§ Stored dataset items
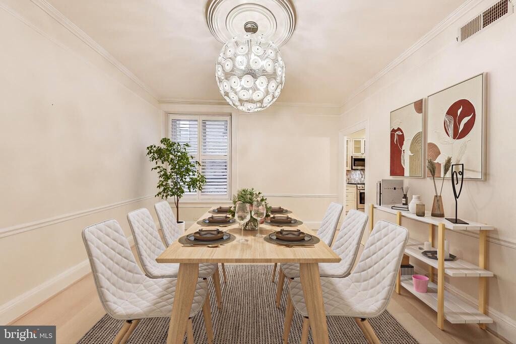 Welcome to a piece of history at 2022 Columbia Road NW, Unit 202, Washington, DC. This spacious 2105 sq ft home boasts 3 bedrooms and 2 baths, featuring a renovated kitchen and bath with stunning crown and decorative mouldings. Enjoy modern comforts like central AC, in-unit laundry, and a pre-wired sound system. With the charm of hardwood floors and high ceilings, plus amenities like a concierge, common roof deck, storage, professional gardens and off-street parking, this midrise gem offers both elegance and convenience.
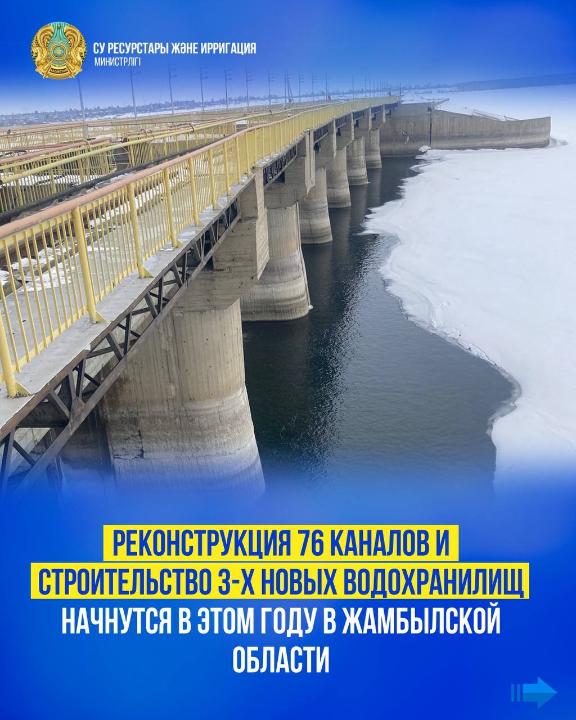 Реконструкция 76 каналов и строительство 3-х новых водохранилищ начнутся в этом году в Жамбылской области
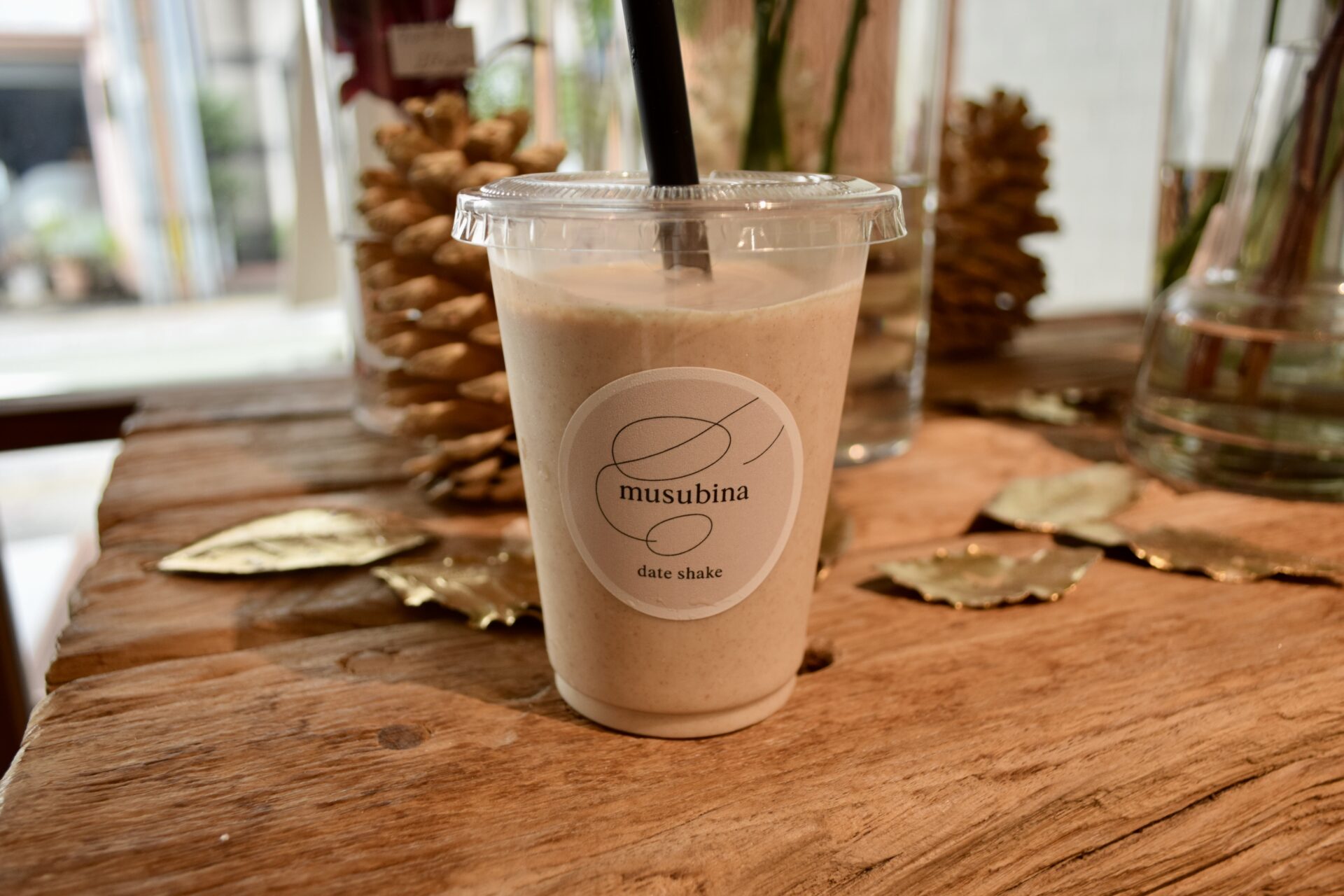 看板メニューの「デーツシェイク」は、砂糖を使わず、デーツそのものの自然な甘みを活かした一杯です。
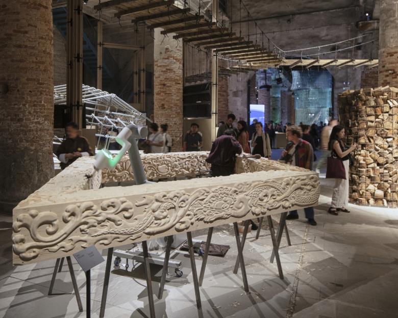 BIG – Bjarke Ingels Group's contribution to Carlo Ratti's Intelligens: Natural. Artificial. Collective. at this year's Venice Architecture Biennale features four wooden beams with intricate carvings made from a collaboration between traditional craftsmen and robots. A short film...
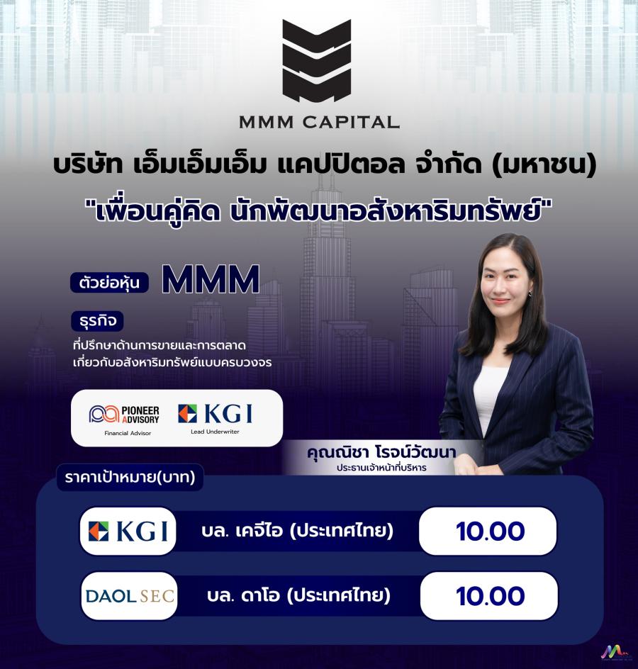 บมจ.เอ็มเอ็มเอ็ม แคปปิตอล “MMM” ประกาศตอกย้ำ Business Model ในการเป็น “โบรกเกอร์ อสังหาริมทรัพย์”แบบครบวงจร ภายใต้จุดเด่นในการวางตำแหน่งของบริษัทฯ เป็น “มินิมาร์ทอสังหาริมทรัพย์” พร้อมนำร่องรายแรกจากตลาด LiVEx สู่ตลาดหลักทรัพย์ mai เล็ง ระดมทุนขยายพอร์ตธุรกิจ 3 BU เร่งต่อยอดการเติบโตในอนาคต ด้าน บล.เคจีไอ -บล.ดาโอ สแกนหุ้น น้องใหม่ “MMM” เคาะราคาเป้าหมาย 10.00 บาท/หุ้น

§ ABOUT THIS TASK
Reprint every record exactly and skip the pictures.

§ OUTPUT
 Welcome to a piece of history at 2022 Columbia Road NW, Unit 202, Washington, DC. This spacious 2105 sq ft home boasts 3 bedrooms and 2 baths, featuring a renovated kitchen and bath with stunning crown and decorative mouldings. Enjoy modern comforts like central AC, in-unit laundry, and a pre-wired sound system. With the charm of hardwood floors and high ceilings, plus amenities like a concierge, common roof deck, storage, professional gardens and off-street parking, this midrise gem offers both elegance and convenience.
 Реконструкция 76 каналов и строительство 3-х новых водохранилищ начнутся в этом году в Жамбылской области
 看板メニューの「デーツシェイク」は、砂糖を使わず、デーツそのものの自然な甘みを活かした一杯です。
 BIG – Bjarke Ingels Group's contribution to Carlo Ratti's Intelligens: Natural. Artificial. Collective. at this year's Venice Architecture Biennale features four wooden beams with intricate carvings made from a collaboration between traditional craftsmen and robots. A short film...
 บมจ.เอ็มเอ็มเอ็ม แคปปิตอล “MMM” ประกาศตอกย้ำ Business Model ในการเป็น “โบรกเกอร์ อสังหาริมทรัพย์”แบบครบวงจร ภายใต้จุดเด่นในการวางตำแหน่งของบริษัทฯ เป็น “มินิมาร์ทอสังหาริมทรัพย์” พร้อมนำร่องรายแรกจากตลาด LiVEx สู่ตลาดหลักทรัพย์ mai เล็ง ระดมทุนขยายพอร์ตธุรกิจ 3 BU เร่งต่อยอดการเติบโตในอนาคต ด้าน บล.เคจีไอ -บล.ดาโอ สแกนหุ้น น้องใหม่ “MMM” เคาะราคาเป้าหมาย 10.00 บาท/หุ้น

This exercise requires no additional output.